- [Exercise]:
Repeat the records below exactly from the line containing "(JS227) McCarron on" to the line containing "例如,面对杂乱无章的图库,M", taking in both of those lines. Drop the pictures.

Top of Records for the exercise

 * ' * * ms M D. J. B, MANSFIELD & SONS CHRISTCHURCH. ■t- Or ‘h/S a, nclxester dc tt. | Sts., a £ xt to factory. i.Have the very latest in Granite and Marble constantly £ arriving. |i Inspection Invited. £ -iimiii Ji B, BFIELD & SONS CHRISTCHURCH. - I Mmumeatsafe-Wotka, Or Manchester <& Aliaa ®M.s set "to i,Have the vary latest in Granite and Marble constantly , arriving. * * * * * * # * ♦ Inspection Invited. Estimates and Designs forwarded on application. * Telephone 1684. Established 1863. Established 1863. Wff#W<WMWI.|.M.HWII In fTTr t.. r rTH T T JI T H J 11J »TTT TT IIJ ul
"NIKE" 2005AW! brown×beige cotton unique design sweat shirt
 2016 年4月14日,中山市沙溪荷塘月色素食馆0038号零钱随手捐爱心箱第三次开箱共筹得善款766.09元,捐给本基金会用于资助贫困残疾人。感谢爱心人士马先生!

Bottom of Records for the exercise
Top of Records for the exercise

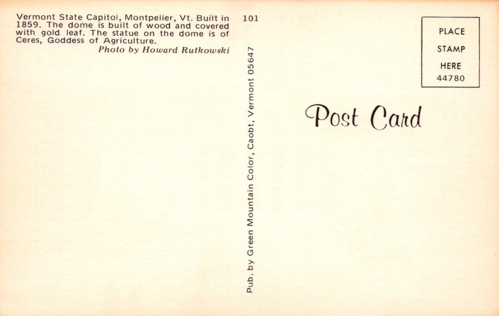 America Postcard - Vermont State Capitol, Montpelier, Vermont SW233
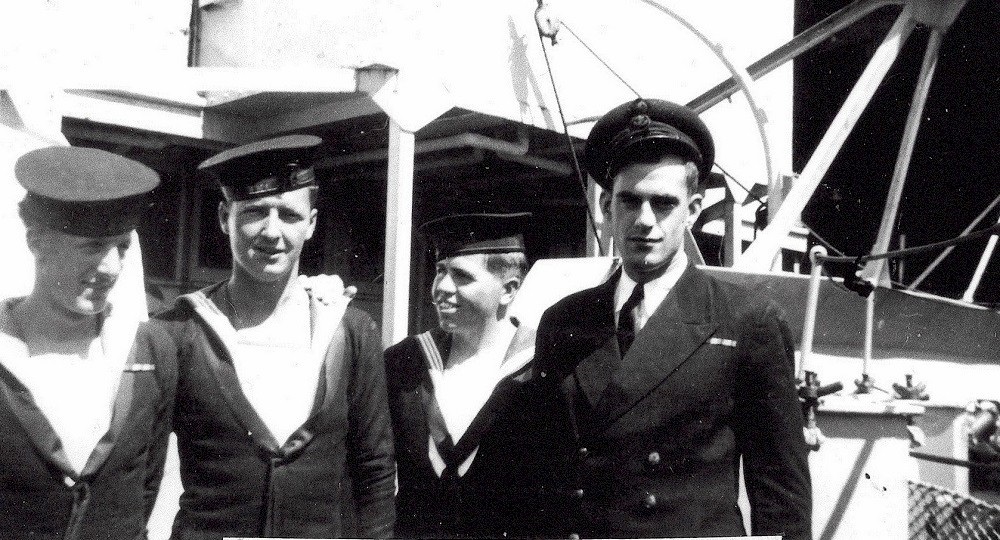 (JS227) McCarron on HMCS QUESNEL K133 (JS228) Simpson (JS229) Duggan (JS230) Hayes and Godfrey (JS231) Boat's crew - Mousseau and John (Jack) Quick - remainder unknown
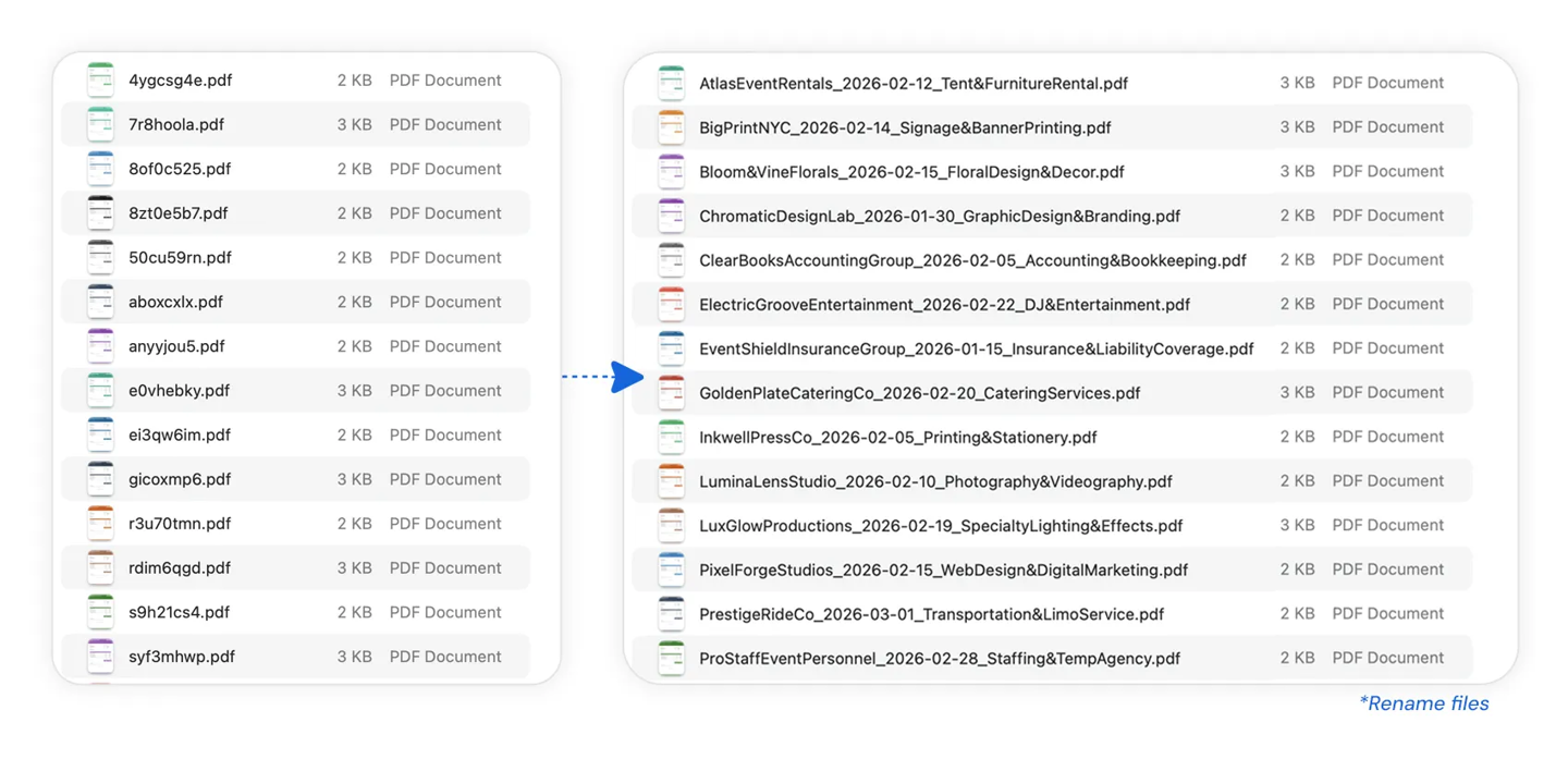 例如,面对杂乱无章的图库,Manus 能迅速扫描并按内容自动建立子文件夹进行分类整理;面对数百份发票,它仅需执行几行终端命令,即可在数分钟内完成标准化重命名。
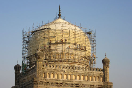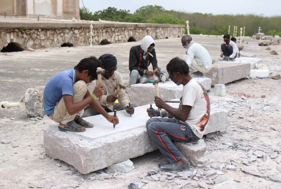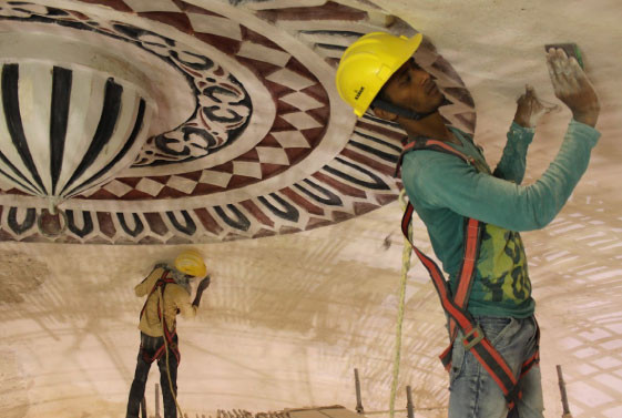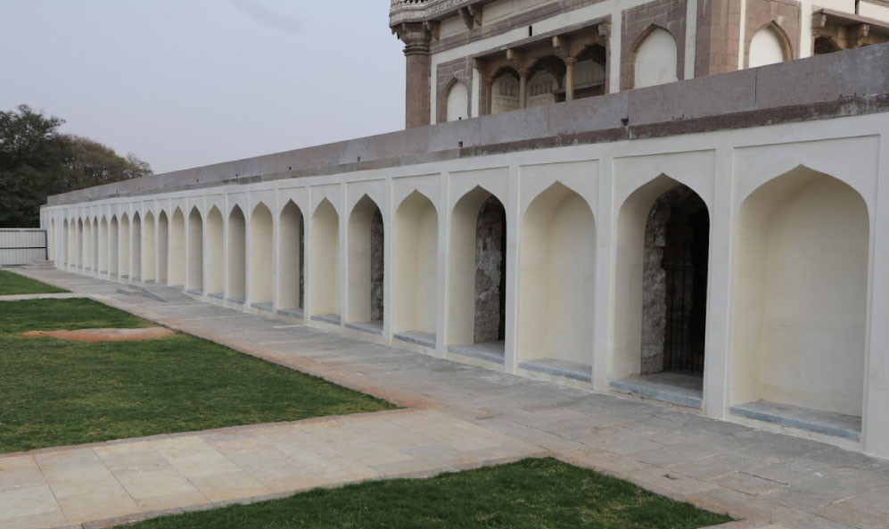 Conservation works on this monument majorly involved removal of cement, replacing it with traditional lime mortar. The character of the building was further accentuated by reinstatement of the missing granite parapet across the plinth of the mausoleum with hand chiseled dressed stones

Bottom of Records for the exercise

- [Worked solution]:
 (JS227) McCarron on HMCS QUESNEL K133 (JS228) Simpson (JS229) Duggan (JS230) Hayes and Godfrey (JS231) Boat's crew - Mousseau and John (Jack) Quick - remainder unknown
 例如,面对杂乱无章的图库,Manus 能迅速扫描并按内容自动建立子文件夹进行分类整理;面对数百份发票,它仅需执行几行终端命令,即可在数分钟内完成标准化重命名。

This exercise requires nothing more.